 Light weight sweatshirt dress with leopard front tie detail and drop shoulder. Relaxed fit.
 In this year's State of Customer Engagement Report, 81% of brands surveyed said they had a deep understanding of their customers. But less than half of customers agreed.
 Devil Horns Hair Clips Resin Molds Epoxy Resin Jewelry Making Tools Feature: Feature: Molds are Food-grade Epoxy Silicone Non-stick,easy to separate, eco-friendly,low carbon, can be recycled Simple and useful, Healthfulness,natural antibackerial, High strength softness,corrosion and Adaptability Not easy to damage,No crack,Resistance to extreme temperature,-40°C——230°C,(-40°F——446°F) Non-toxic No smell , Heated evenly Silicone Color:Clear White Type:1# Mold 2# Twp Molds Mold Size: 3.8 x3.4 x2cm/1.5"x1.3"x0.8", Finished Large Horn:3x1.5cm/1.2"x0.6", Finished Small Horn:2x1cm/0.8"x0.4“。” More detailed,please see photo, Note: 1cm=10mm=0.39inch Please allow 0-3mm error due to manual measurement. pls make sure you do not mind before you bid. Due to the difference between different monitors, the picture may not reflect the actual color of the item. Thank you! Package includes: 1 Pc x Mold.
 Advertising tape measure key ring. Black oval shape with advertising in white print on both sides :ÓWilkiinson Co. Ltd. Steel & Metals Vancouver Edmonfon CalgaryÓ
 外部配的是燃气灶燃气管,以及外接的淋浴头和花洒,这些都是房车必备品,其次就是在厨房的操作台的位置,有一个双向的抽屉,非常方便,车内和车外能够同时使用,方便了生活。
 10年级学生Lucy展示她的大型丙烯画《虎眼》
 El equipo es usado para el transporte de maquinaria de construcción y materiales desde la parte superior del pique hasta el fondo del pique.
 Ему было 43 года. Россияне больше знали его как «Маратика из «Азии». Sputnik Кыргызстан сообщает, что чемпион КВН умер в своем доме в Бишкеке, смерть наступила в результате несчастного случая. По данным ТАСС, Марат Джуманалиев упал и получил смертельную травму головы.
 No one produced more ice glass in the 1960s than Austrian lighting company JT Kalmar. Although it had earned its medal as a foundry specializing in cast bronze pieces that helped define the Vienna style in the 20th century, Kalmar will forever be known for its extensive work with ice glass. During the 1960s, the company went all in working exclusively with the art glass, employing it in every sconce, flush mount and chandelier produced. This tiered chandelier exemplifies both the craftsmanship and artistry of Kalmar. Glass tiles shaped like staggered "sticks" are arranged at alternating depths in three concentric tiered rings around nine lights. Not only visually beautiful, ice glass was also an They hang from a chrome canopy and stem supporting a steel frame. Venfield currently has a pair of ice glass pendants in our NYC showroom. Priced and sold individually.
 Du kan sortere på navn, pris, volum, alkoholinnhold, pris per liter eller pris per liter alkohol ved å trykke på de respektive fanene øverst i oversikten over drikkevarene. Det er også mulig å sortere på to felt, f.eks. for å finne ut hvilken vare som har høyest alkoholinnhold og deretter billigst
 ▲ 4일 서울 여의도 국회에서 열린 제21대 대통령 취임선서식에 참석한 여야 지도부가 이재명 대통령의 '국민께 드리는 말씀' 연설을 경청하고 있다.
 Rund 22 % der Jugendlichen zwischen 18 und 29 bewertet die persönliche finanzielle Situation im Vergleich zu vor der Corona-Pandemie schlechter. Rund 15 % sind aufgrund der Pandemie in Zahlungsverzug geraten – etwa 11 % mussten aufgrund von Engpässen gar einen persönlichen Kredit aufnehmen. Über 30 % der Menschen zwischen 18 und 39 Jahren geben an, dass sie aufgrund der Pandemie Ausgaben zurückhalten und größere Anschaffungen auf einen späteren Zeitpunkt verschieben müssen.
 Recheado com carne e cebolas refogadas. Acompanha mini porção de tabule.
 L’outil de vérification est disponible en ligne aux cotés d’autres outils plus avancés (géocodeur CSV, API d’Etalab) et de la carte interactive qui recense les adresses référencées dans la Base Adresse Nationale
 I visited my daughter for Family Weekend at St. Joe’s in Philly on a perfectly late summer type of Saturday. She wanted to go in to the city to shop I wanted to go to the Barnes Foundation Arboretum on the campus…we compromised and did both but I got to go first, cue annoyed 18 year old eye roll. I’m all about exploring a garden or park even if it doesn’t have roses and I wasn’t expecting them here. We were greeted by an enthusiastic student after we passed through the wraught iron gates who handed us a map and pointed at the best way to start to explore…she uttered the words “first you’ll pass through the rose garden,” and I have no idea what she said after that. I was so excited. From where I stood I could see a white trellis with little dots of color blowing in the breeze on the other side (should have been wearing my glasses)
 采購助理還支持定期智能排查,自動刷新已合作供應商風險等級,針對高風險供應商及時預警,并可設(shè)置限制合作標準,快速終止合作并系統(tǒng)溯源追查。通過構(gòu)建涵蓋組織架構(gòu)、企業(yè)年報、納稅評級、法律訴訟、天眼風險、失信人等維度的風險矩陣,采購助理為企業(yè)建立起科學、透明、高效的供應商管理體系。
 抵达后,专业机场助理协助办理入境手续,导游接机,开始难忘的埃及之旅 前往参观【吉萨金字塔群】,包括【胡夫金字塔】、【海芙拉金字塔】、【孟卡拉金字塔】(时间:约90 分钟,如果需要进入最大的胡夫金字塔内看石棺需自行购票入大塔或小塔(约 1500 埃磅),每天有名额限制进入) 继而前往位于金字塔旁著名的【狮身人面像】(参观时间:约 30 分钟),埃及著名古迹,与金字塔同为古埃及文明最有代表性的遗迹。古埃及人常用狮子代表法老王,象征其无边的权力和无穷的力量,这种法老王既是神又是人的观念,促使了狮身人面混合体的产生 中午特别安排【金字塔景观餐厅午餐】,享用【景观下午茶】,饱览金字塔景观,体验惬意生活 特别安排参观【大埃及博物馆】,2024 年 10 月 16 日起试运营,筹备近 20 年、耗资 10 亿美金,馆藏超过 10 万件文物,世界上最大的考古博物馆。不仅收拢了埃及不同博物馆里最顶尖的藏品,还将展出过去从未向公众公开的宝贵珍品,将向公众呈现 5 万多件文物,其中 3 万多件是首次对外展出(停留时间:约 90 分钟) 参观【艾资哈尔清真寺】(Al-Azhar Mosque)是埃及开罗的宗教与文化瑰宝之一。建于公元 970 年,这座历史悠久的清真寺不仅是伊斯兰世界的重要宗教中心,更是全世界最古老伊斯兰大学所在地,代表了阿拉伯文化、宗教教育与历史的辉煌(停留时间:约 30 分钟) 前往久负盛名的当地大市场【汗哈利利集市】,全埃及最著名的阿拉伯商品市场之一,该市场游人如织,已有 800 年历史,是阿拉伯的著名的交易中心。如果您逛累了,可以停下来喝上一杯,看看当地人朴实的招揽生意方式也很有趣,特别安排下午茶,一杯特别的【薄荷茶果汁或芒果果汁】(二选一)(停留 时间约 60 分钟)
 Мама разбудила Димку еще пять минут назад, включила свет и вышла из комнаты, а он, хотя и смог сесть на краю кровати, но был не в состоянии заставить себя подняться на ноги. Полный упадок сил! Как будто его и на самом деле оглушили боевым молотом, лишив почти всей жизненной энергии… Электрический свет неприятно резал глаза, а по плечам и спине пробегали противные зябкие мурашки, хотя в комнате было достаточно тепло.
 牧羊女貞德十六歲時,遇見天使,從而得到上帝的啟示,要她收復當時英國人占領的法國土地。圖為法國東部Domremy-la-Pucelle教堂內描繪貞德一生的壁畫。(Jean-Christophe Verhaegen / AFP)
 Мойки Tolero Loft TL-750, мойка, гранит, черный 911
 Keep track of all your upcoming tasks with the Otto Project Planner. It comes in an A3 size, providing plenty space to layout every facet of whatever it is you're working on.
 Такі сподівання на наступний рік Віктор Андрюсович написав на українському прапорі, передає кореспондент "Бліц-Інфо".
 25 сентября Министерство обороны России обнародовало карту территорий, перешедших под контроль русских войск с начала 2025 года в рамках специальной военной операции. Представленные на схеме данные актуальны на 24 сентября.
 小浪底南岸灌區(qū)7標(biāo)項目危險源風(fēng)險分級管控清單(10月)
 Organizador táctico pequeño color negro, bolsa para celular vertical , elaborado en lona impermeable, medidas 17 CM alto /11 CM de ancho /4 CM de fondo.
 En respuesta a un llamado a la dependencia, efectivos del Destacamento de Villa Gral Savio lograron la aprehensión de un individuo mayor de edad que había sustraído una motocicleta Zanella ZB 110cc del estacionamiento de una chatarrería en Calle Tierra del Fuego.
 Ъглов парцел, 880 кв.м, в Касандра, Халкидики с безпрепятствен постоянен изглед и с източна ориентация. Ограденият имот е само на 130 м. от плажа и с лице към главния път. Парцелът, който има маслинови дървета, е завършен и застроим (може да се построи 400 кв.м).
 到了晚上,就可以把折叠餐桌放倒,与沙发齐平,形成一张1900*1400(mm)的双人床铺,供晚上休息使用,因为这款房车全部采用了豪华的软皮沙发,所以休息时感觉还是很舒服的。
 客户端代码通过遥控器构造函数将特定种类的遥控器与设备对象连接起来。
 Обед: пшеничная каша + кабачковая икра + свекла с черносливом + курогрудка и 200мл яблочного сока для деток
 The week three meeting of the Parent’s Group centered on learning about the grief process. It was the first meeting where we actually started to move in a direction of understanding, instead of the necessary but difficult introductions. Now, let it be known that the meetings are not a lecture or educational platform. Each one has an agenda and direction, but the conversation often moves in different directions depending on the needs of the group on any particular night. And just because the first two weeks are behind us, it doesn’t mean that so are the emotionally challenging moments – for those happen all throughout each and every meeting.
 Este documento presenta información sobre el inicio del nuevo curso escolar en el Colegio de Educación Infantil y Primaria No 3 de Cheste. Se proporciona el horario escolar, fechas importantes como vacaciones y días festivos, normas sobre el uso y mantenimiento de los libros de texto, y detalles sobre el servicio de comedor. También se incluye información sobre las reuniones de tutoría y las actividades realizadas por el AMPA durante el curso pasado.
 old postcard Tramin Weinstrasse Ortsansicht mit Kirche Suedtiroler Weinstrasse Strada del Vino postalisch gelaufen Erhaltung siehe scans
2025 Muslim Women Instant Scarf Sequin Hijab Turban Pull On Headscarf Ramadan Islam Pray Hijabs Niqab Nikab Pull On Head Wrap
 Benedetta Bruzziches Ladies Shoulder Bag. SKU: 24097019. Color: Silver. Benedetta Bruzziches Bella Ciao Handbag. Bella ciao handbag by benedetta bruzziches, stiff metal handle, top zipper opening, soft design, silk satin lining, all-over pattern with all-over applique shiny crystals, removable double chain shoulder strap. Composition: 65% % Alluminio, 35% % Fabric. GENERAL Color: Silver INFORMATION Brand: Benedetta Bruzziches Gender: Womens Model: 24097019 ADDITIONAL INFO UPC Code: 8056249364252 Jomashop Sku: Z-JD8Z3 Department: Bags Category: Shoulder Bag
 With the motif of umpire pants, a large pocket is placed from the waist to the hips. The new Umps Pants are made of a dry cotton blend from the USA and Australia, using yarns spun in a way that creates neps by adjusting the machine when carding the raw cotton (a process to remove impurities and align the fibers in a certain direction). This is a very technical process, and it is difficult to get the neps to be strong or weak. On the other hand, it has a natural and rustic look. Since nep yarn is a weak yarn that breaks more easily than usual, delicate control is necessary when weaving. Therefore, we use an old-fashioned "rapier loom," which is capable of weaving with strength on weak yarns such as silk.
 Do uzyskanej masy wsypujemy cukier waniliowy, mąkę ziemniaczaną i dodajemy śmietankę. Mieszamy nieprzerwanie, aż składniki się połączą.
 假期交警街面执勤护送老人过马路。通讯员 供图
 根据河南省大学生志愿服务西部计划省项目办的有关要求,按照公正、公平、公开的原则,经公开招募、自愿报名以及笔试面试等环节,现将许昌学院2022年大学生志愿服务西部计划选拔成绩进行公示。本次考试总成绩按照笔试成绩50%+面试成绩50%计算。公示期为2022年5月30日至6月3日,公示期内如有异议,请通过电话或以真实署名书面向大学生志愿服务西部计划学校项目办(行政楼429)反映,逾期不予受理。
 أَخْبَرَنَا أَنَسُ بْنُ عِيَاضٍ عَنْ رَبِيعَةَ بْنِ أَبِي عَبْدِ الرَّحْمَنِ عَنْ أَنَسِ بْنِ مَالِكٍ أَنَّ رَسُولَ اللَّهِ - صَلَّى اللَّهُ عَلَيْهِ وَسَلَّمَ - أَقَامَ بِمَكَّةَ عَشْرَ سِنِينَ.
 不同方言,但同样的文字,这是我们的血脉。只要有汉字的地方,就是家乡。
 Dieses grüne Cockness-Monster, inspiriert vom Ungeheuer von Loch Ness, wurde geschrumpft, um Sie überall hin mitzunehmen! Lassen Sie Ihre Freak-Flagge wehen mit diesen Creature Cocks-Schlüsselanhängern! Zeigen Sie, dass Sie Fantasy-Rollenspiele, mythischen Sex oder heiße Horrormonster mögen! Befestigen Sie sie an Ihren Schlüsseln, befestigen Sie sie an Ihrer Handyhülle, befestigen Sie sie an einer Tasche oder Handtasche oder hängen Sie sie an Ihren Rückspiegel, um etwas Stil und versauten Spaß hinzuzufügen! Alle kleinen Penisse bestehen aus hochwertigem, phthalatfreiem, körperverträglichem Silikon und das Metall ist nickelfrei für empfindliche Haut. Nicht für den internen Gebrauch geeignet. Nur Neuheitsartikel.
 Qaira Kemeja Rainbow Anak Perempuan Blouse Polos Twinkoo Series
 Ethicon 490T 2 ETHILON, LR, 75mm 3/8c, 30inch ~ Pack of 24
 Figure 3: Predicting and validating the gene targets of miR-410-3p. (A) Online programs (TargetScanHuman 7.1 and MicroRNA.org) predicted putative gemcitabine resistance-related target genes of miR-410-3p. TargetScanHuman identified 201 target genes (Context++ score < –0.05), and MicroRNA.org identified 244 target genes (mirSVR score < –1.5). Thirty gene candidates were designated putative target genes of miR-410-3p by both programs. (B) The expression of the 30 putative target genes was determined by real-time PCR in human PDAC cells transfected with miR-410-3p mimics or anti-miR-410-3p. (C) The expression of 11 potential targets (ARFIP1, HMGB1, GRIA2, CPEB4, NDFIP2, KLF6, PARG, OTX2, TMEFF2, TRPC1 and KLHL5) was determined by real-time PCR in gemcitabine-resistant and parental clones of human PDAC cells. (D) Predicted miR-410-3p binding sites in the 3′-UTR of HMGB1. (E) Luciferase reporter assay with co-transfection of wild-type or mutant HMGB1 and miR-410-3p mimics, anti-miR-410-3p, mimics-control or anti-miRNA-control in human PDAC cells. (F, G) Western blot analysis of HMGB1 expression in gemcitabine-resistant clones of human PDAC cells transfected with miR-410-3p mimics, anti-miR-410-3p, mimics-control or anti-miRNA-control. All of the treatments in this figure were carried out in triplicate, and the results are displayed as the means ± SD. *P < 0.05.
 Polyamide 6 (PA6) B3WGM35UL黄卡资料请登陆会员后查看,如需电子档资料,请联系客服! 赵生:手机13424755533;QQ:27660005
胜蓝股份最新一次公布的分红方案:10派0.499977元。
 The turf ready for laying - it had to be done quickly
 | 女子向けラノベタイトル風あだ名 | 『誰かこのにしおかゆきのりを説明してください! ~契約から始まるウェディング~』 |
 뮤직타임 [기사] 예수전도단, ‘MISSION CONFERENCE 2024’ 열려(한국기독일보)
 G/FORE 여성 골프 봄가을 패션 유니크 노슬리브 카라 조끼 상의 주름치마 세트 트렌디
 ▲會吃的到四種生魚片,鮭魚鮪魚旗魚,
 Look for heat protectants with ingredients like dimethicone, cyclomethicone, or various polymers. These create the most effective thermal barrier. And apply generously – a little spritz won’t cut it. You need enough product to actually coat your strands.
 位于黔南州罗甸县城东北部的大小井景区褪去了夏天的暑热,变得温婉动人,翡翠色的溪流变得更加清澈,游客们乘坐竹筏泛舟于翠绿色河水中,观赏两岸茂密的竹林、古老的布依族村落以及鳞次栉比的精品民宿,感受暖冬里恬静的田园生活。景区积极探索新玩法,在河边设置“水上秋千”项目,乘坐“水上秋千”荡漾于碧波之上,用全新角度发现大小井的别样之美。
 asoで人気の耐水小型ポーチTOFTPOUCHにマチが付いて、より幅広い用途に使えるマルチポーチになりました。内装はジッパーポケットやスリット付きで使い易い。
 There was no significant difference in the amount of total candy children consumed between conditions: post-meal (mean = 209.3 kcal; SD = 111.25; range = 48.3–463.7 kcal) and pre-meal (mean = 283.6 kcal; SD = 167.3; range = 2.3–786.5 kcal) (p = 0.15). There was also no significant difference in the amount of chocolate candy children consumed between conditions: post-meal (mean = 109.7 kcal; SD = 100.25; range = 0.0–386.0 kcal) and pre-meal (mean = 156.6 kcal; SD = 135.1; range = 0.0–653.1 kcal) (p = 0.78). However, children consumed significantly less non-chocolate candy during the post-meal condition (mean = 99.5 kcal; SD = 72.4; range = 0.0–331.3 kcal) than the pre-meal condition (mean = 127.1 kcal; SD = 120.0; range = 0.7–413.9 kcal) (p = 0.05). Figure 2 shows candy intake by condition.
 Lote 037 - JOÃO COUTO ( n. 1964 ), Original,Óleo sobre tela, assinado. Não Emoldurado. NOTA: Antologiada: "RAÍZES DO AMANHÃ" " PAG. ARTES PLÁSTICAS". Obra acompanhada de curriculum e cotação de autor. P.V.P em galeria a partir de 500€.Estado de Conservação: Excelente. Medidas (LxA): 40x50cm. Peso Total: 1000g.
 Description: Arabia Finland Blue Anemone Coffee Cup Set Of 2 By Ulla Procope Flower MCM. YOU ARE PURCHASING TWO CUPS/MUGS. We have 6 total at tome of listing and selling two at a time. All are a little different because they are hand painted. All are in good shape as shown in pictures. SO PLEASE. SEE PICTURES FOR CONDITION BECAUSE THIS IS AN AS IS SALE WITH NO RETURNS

EXERCISE REQUIREMENTS:
Working from the material above, retype exactly the lines from the one with "Keep track of" through the one with "Organizador táctico pequeño", both included, and only those lines.

REPLY TO THE TASK:
 Keep track of all your upcoming tasks with the Otto Project Planner. It comes in an A3 size, providing plenty space to layout every facet of whatever it is you're working on.
 Такі сподівання на наступний рік Віктор Андрюсович написав на українському прапорі, передає кореспондент "Бліц-Інфо".
 25 сентября Министерство обороны России обнародовало карту территорий, перешедших под контроль русских войск с начала 2025 года в рамках специальной военной операции. Представленные на схеме данные актуальны на 24 сентября.
 小浪底南岸灌區(qū)7標(biāo)項目危險源風(fēng)險分級管控清單(10月)
 Organizador táctico pequeño color negro, bolsa para celular vertical , elaborado en lona impermeable, medidas 17 CM alto /11 CM de ancho /4 CM de fondo.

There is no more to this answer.